Continued on the front page (51) Int.Cl. ⁷ Identification symbol FI Theme coat II (Reference) A61F 13/53 C08L 29:04 Z B01J 20/26 33:00 20/30 A61F 13/18 307B // C08L 29:04 A41B 13/02 D 33:00 F term (reference) 3B029 BA18 4C003 AA24 GA02 4C098 AA09 CC03 DD05 DD06 DD13 DD24 DD25 DD26 DD27 DD28 DD30 4F070 AA03 AA26 AA29 AA32 AA33 AA35 AA37 AB08 AC83 AC84 CB05 DC03 DC17 AB AC27D AE06B BA09 BA38 CA43 DA12 DA13 EA05 FA07 FA37

Claims (4)

[Claims] At least a part of the surface of the water-absorbent resin particles (A) is covered with a coating film comprising an adduct of a polyvalent amine compound (B) and a compound (C) having an olefinic double bond.
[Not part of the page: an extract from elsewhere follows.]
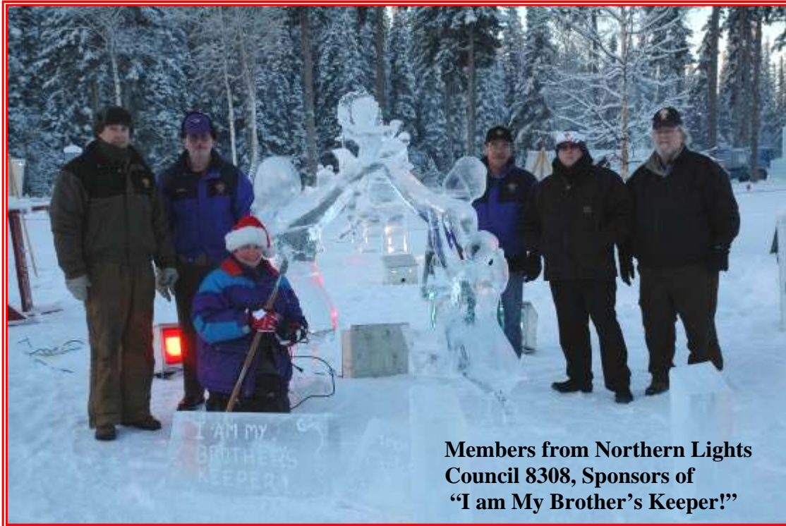
Members from Northern Lights Council 8308, Sponsors of "I am My Brother's Keeper!"

A water absorbing agent. 2. The water-absorbing agent according to claim 1, wherein the compound (C) having an olefinic double bond is a compound having an α, β-unsaturated conjugated group. 3. The water absorption capacity under pressure of 2.07 kPa is 20 g /
The water-absorbing agent according to claim 1, which is not less than g. 4. A method for producing a water-absorbing agent, comprising adding a polyamine compound (B) and a compound (C) having an olefinic double bond to a water-absorbent resin particle (A), followed by an addition reaction.